Home > Nonfiction > In Order to Live > Page 20
In Order to Live Page 20

by Yeonmi Park


  I never knew freedom could be such a cruel and difficult thing. Until now, I had always thought that being free meant being able to wear jeans and watch whatever movies I wanted without worrying about being arrested. Now I realized that I had to think all the time—and it was exhausting. There were times when I wondered whether, if it wasn’t for the constant hunger, I would be better off in North Korea, where all my thinking and all my choices were taken care of for me.

  I was tired of being so responsible. In China, I was the breadwinner, the one who kept my mother alive. Now I didn’t know how I was supposed to go back to being the child again. When we first arrived at Hanawon, my mother and I shared a room with another woman and her daughter, who was about my age. The mother complained that I was too independent and mature, and said I should act more like a kid. But I didn’t know what that meant. Inside I felt a thousand years old.

  I hated it when people didn’t like me, so I tried to act young for the mothers, and I tried to fit in with the other teenagers. I don’t know how well that worked. We saw one another every day and took field trips as a group, but I felt very much alone. The staff took us on a tour through Seoul, showed us the war museum and the Han River, and taught us how to buy a ticket and use the subway. It made me nervous, with all the noise and machines, flashing advertisements, and swarms of people everywhere. I smiled and pretended to pay attention. Outside I was a perfect kid, but inside I was churning.

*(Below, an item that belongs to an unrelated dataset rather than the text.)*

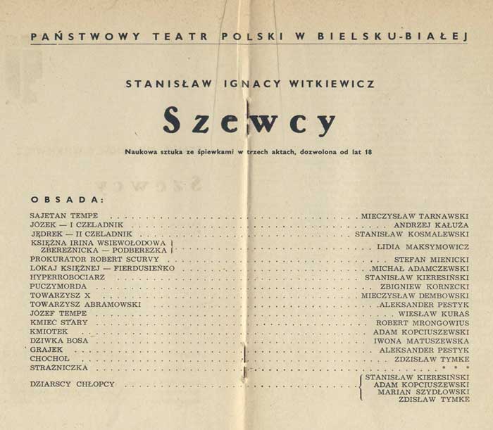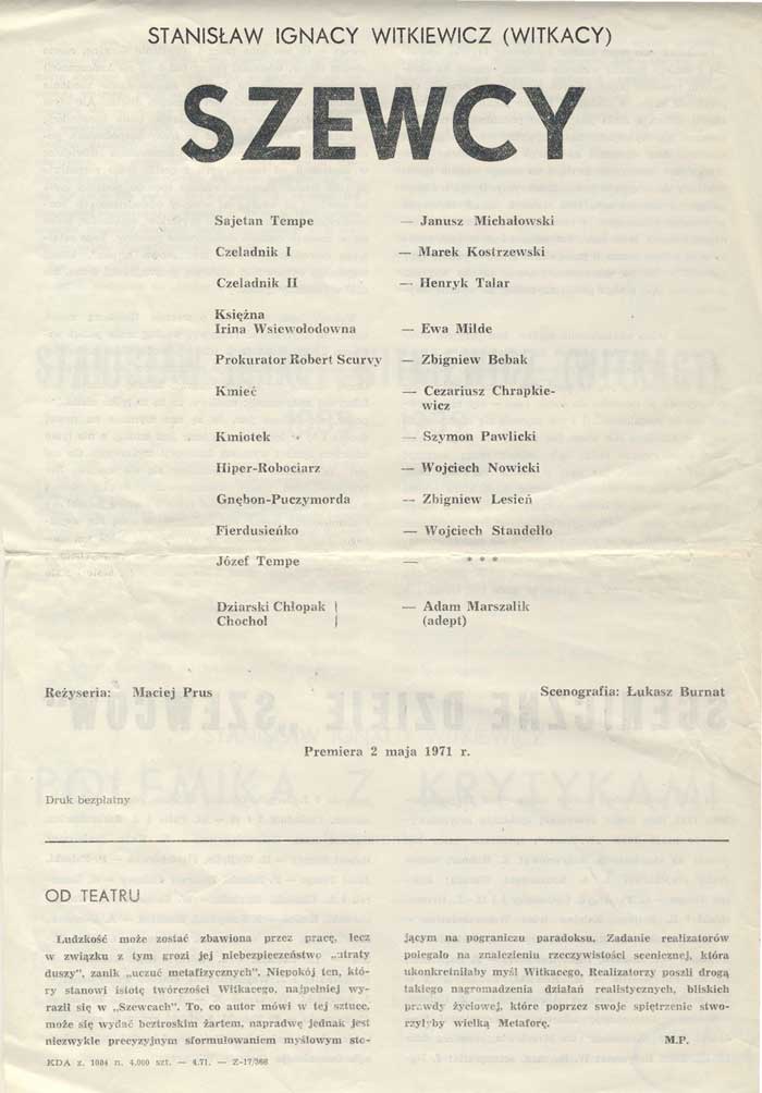 W programie: J. Kłossowicz, Z zagadnień filozofii, estetyki i katastrofizmu Witkacego; K. Puzyna, O "Szewcach"; S. Szuman, Problem nudy i nienasycenia w dramacie "Szewcy"

  One day, I was standing around the cafeteria, talking with some North Korean kids my age. One of the boys was gossiping about a teenage girl with an infant.

  “You can’t trust North Korean girls,” said another boy. “They’ve all been trafficked. This one just couldn’t hide it.”

  “I have no idea what you’re talking about!” I told them. “What’s this trafficking?”

  Whenever the subject of China came up, I brushed it aside like that. My mother and I never talked about the past, even when it was just the two of us. We would look at each other and understand what was unspoken: The birds and mice could still hear us whisper. My mother had her own challenges with this strange new world we were about to enter. But she had a better attitude about it than I did. Every day that she didn’t have to struggle to survive was a good day for her.

  We both tried hard to forget the bad memories and move on. I wanted to erase my old life, but its horror would come back to visit me as soon as I fell asleep. My dreams were all nightmares and they usually had the same theme: water was flowing around me and I needed to escape across the river. Someone was always chasing me, but no matter what, I couldn’t get away. Sometimes the nightmares were so bad that I would wake myself up screaming. It took me a few moments to recognize the thick blanket on my bed, to remember I was safe, I had survived, I was out.

  But sometimes, even in the middle of the day, I wondered if I was still in North Korea and everything else was just a dream.

  I must have pinched myself a thousand times a day. I thought that at any moment I might wake up and find myself in my cold house in Hyesan, alone with my sister, lying on the floor and staring at the moon outside the window, wondering when our mother would come back with food.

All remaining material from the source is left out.